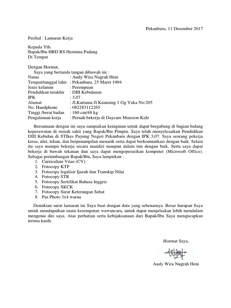 Contoh Surat Lamaran Kerja Rs Hermina Tulisanviral Info Cuitan
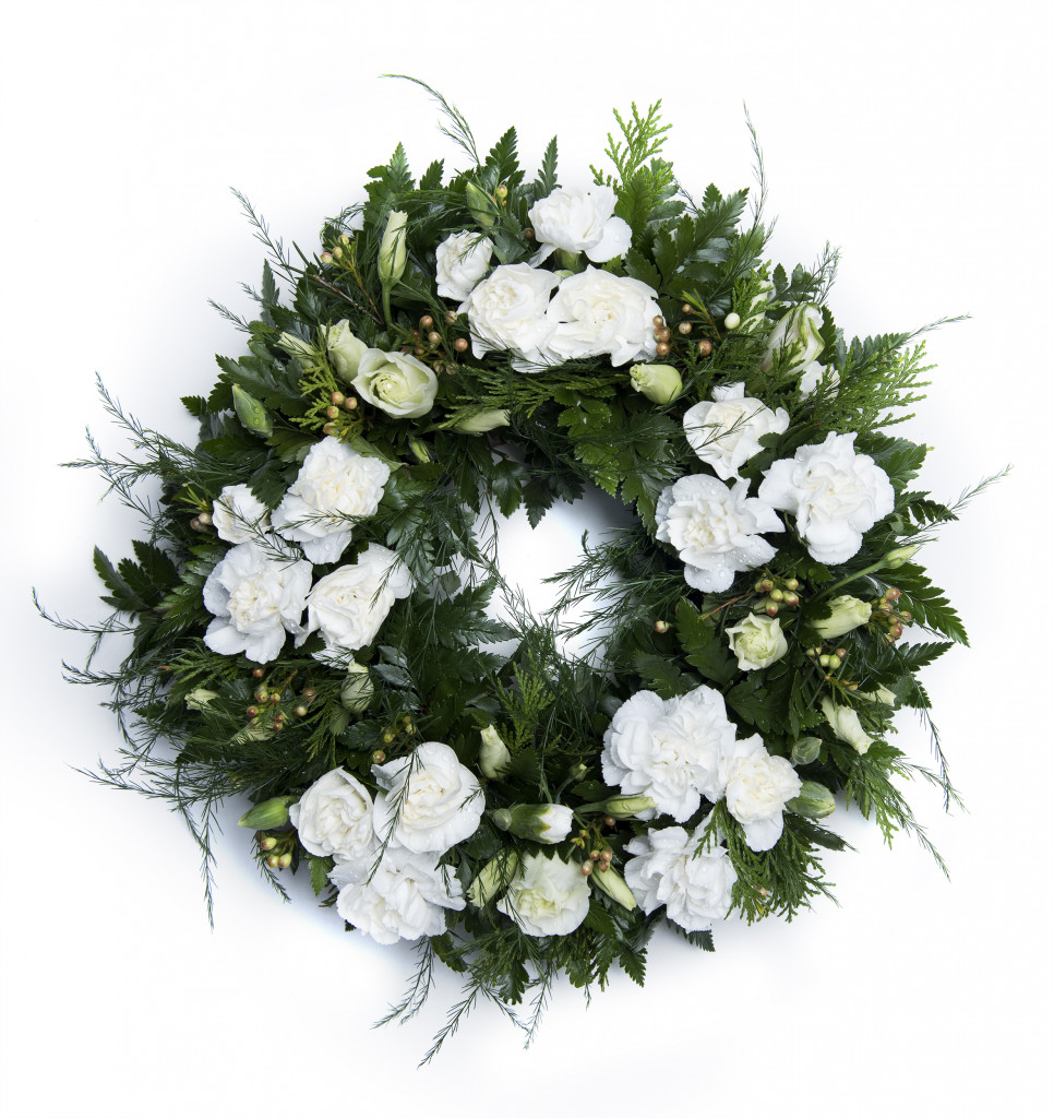 Ljúfur lítill krans með nellikum, silkivendi og blöndu af grænu.
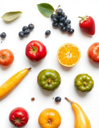 Wholesome arrangement, Fresh and vibrant fruits artfully displayed on a clean white background. A captivating concept for healthy and nutritious eating.

----------

_Brief_. All of the material should be reproduced exactly, apart from the pictures.

_The completed task_.
 Contoh Surat Lamaran Kerja Rs Hermina Tulisanviral Info Cuitan
 Ljúfur lítill krans með nellikum, silkivendi og blöndu af grænu.
 Wholesome arrangement, Fresh and vibrant fruits artfully displayed on a clean white background. A captivating concept for healthy and nutritious eating.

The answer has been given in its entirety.